All that is wanted is the exact lines from the one with "Figura 4. Segundo" through the last line of the entries, with both ends kept and every picture left out.

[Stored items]
━━━━━━━━

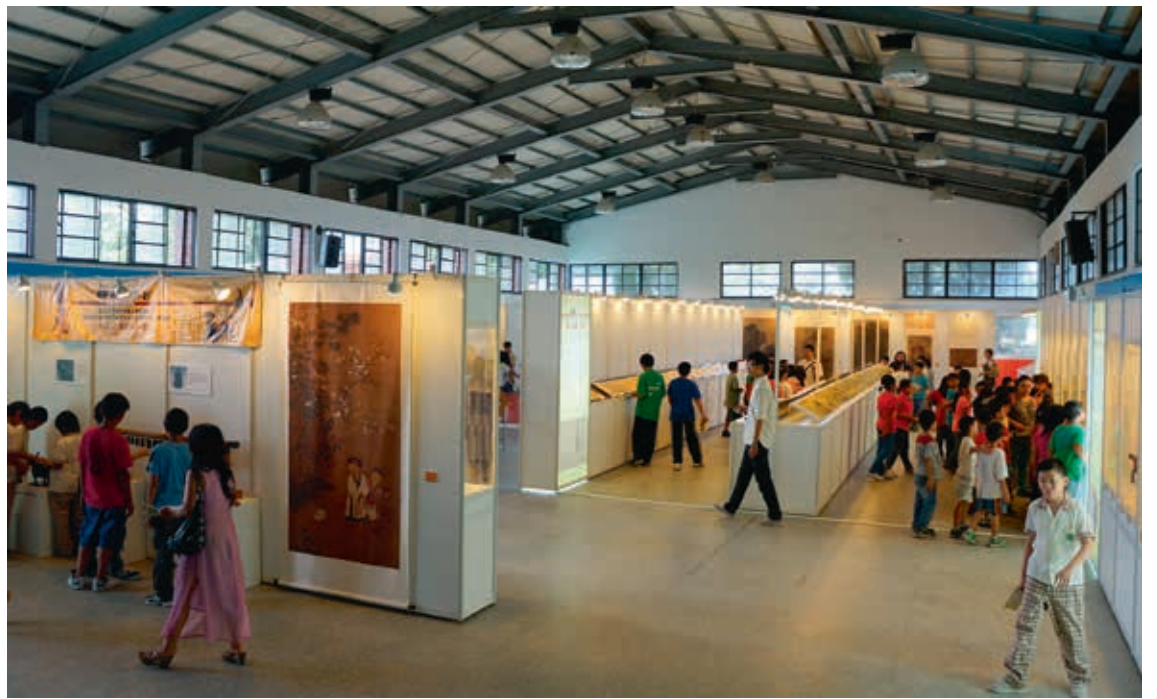
圖3 「國寶總動員」展覽量體及選件，隨合作單位場地規模以及教學需求而調整。
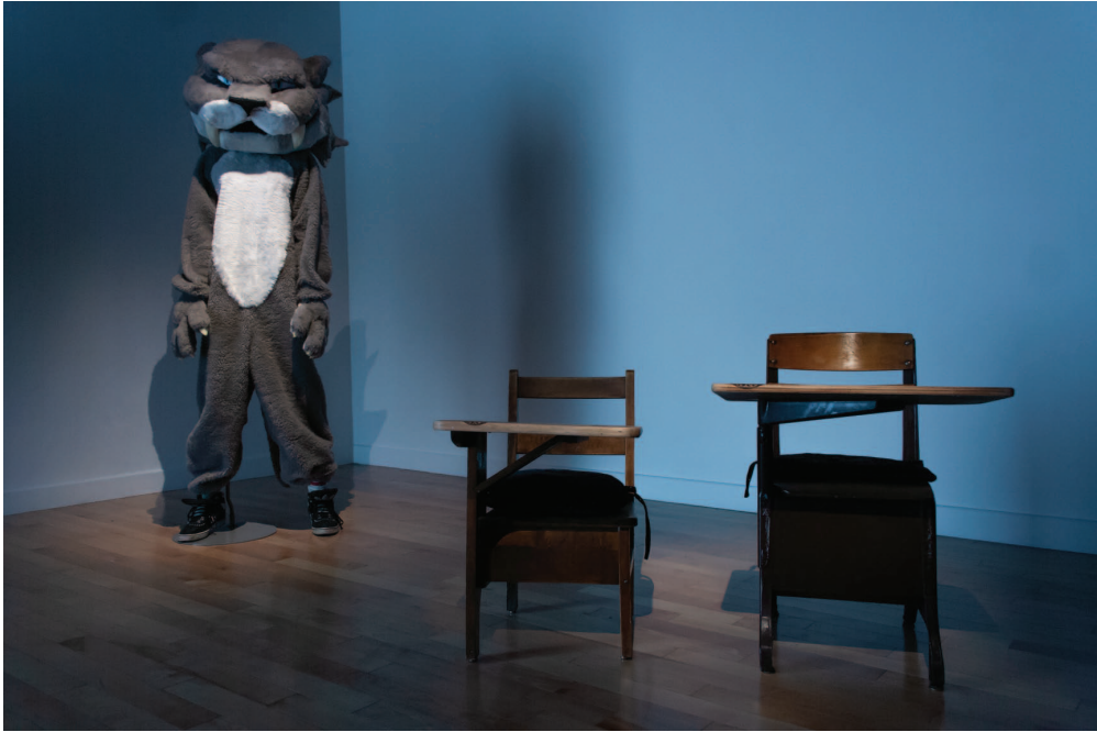
Lisa Lipton, Chapter VI: Greysville, THE IMPOSSIBLE BLUE ROSE , 2014. Installation view / Vue de l'installation. Hamilton Artists Inc.
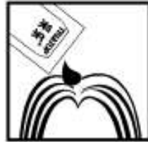
2.将5ml采乐,涂于发根及头发上
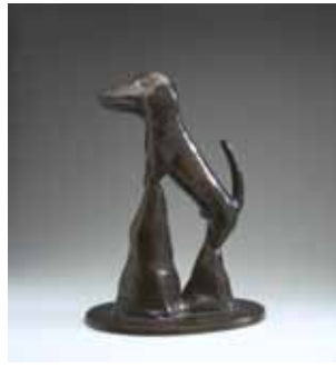
Joost van den Toorn, Triumph des Willens , 2001.

Op 1 mei 1902 wordt de Renkumse Kunstvereniging Pictura Veluvensis opgericht. Men wil de belangstelling voor de beeldende kunst in de regio bevorderen en de samenwerking tussen de in Renkum en Heesum wonende kunstenaars versterken, bijv. door het organiseren van zomertentoonstellingen en het samenstellen van winterportefeuilles met aquarellen, tekeningen en grafiek, die circuleren langs
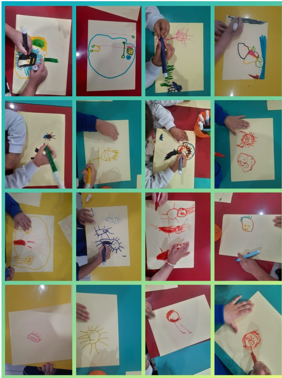
Figura 6 - Momento da atividade.
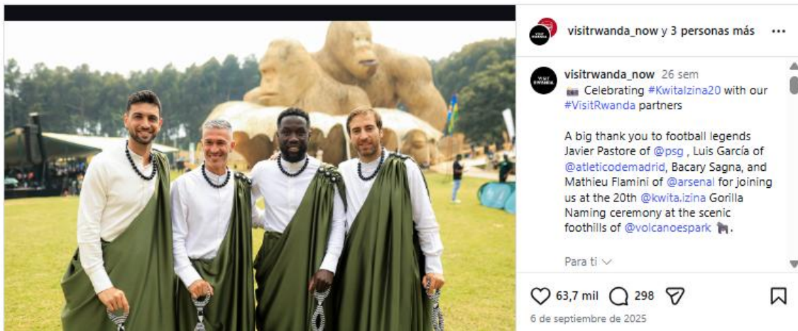
Figura 4. Segundo post con mayor nivel de engagement por parte del caso de Ruanda
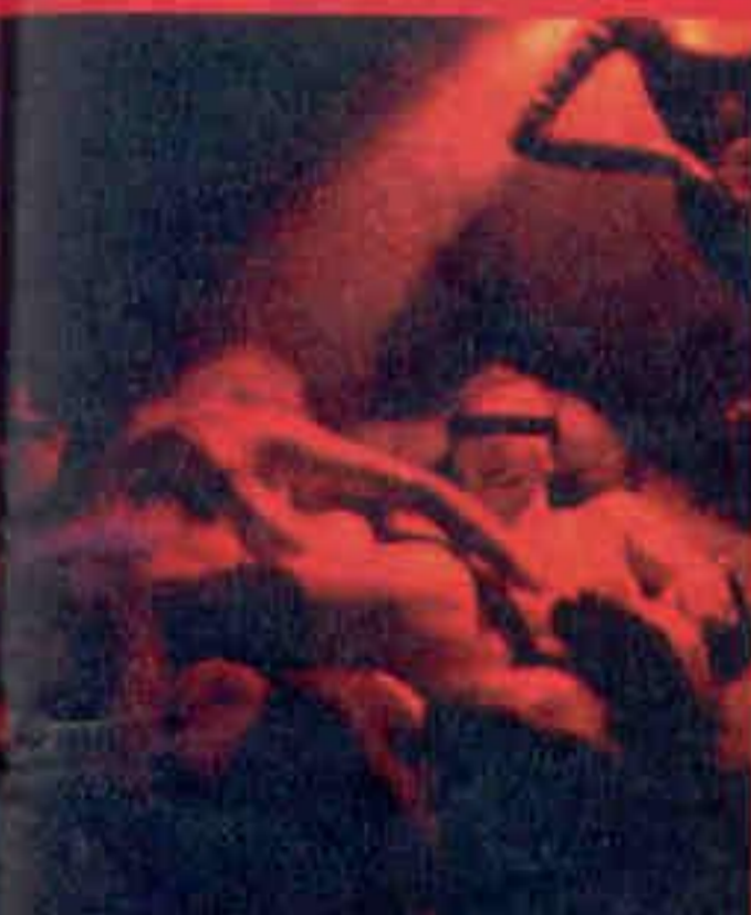
Tegen de ochtend liggen er ook in de discotheek mensen te krunkelen, zo hebben wij wat om naar te kijken terwijl we rustig een pintje drinken.

━━━━━━━━

- _Written reply_
Figura 4. Segundo post con mayor nivel de engagement por parte del caso de Ruanda
Tegen de ochtend liggen er ook in de discotheek mensen te krunkelen, zo hebben wij wat om naar te kijken terwijl we rustig een pintje drinken.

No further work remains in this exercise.